(Raw data Opens)

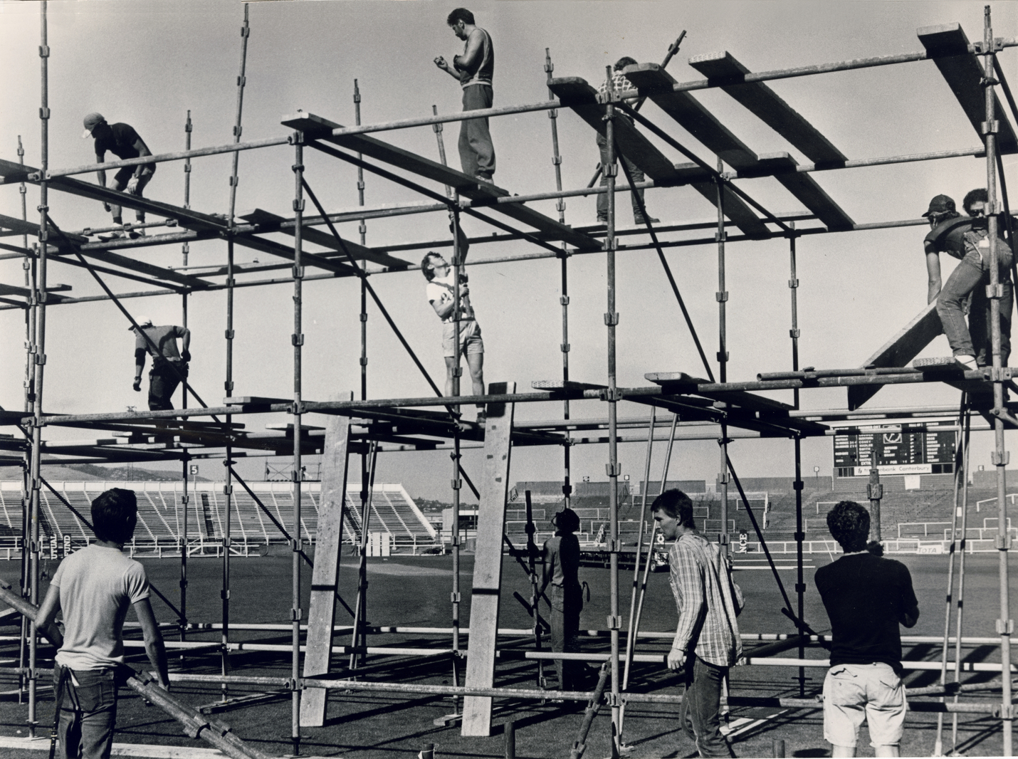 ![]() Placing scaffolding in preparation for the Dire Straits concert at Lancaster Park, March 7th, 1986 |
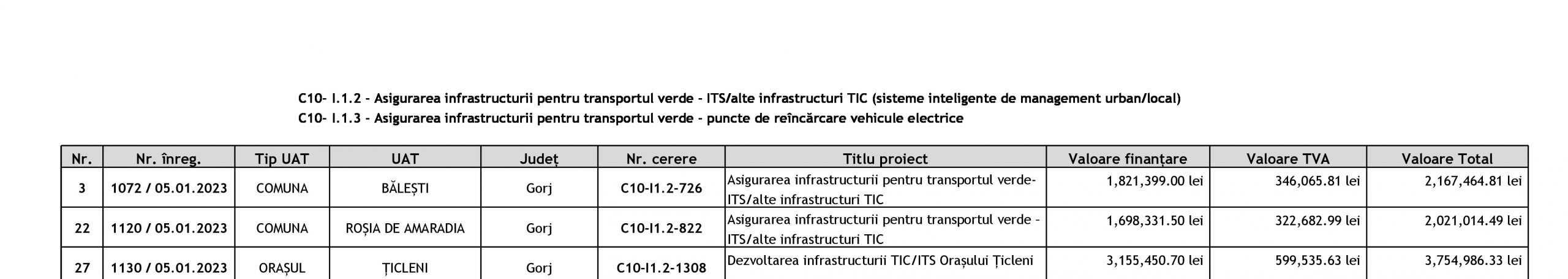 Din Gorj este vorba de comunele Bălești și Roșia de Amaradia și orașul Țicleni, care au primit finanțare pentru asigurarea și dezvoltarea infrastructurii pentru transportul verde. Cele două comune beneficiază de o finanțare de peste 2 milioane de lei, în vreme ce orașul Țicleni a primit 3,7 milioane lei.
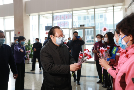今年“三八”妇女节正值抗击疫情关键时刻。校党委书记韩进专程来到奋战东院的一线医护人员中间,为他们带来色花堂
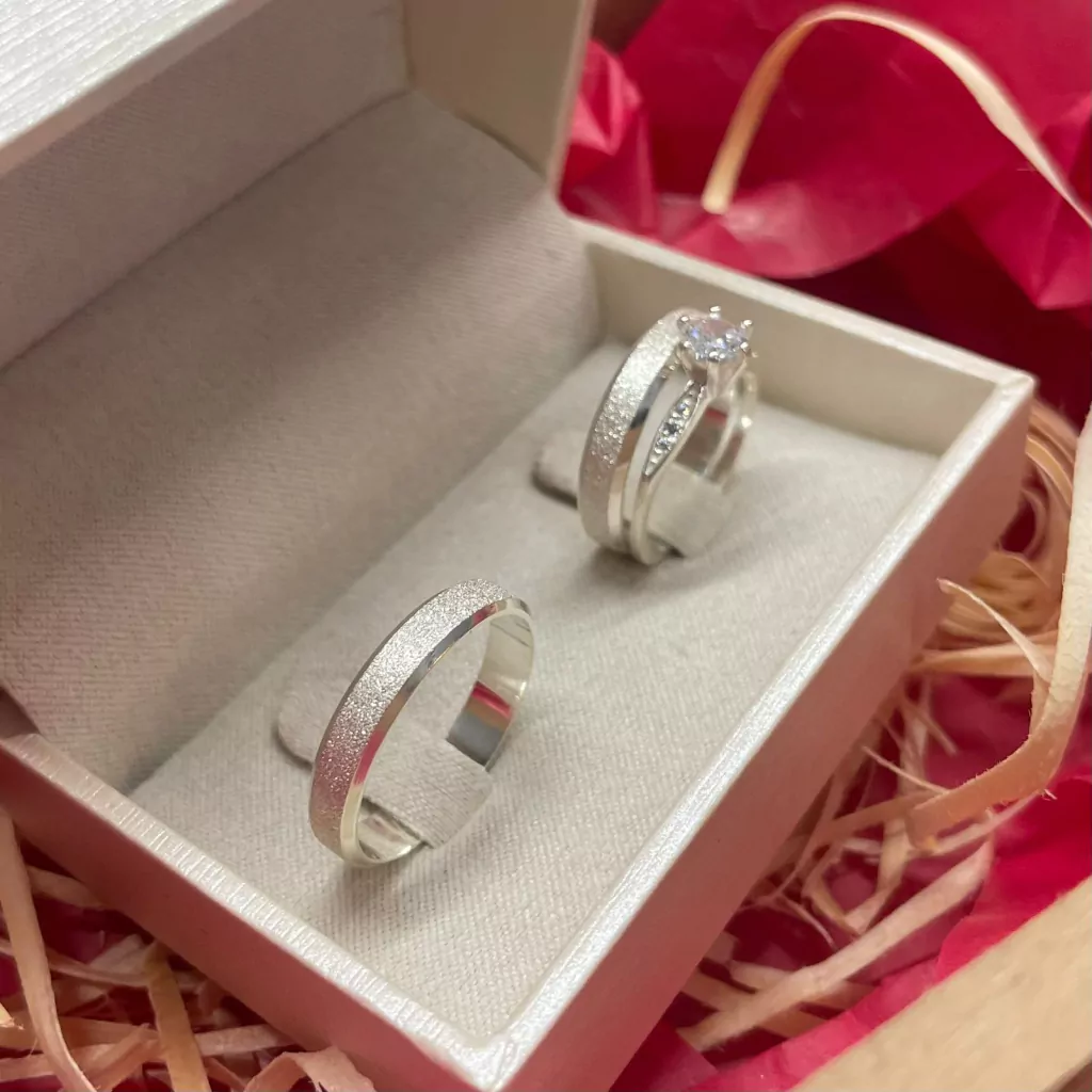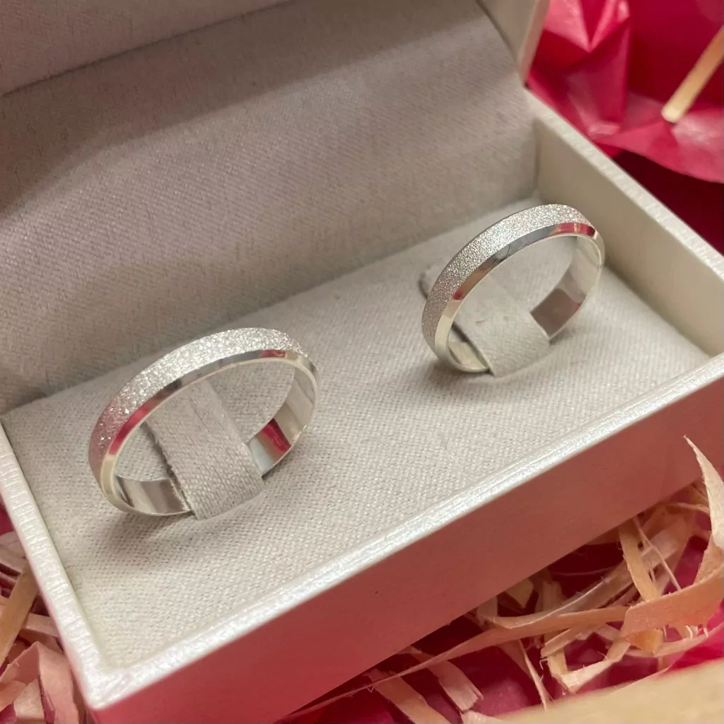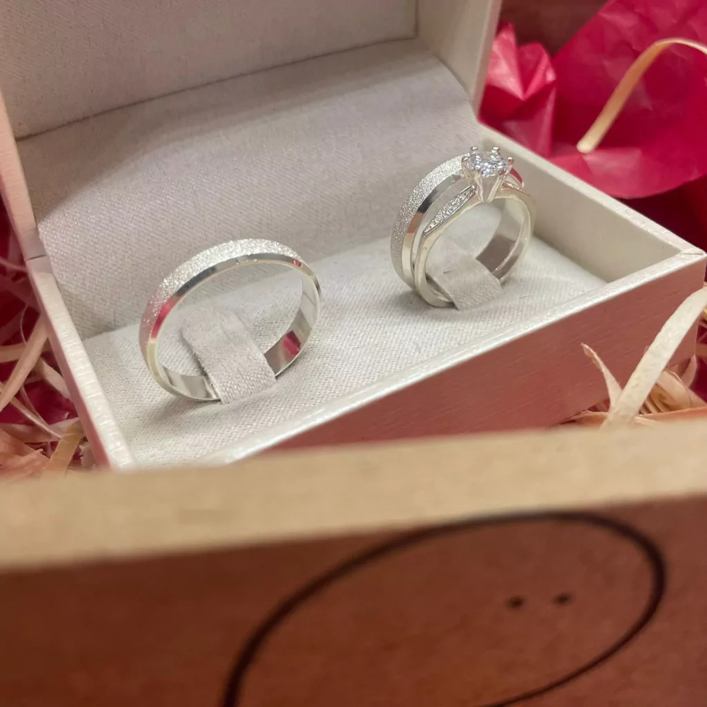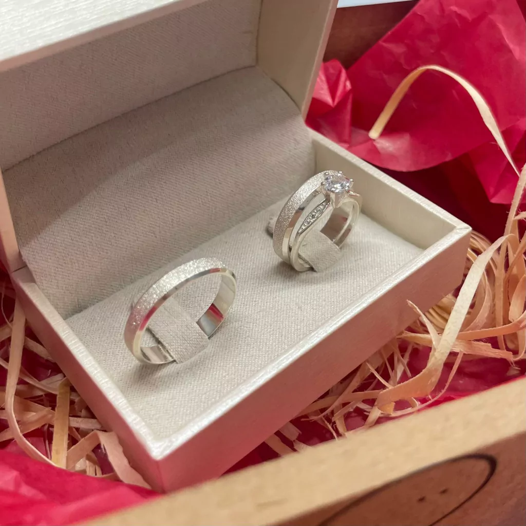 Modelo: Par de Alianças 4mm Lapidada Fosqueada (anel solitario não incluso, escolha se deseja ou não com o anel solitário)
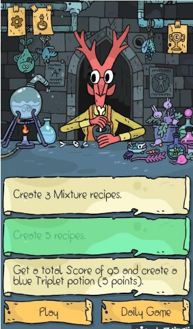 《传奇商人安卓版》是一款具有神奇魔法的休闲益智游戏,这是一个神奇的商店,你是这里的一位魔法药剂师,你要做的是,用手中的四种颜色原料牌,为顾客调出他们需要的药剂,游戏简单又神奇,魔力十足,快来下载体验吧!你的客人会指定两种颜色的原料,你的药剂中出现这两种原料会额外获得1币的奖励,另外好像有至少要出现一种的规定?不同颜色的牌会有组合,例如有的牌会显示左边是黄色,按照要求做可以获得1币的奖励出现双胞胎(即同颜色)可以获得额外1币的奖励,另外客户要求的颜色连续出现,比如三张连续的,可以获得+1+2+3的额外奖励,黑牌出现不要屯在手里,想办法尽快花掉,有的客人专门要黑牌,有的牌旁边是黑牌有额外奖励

(Raw data Closes)

=== What you have to do ===
Reproduce all the entries above exactly. Include no images.

=== Answer area ===
 ![]() Placing scaffolding in preparation for the Dire Straits concert at Lancaster Park, March 7th, 1986 |
 Din Gorj este vorba de comunele Bălești și Roșia de Amaradia și orașul Țicleni, care au primit finanțare pentru asigurarea și dezvoltarea infrastructurii pentru transportul verde. Cele două comune beneficiază de o finanțare de peste 2 milioane de lei, în vreme ce orașul Țicleni a primit 3,7 milioane lei.
今年“三八”妇女节正值抗击疫情关键时刻。校党委书记韩进专程来到奋战东院的一线医护人员中间,为他们带来色花堂
 Modelo: Par de Alianças 4mm Lapidada Fosqueada (anel solitario não incluso, escolha se deseja ou não com o anel solitário)
 《传奇商人安卓版》是一款具有神奇魔法的休闲益智游戏,这是一个神奇的商店,你是这里的一位魔法药剂师,你要做的是,用手中的四种颜色原料牌,为顾客调出他们需要的药剂,游戏简单又神奇,魔力十足,快来下载体验吧!你的客人会指定两种颜色的原料,你的药剂中出现这两种原料会额外获得1币的奖励,另外好像有至少要出现一种的规定?不同颜色的牌会有组合,例如有的牌会显示左边是黄色,按照要求做可以获得1币的奖励出现双胞胎(即同颜色)可以获得额外1币的奖励,另外客户要求的颜色连续出现,比如三张连续的,可以获得+1+2+3的额外奖励,黑牌出现不要屯在手里,想办法尽快花掉,有的客人专门要黑牌,有的牌旁边是黑牌有额外奖励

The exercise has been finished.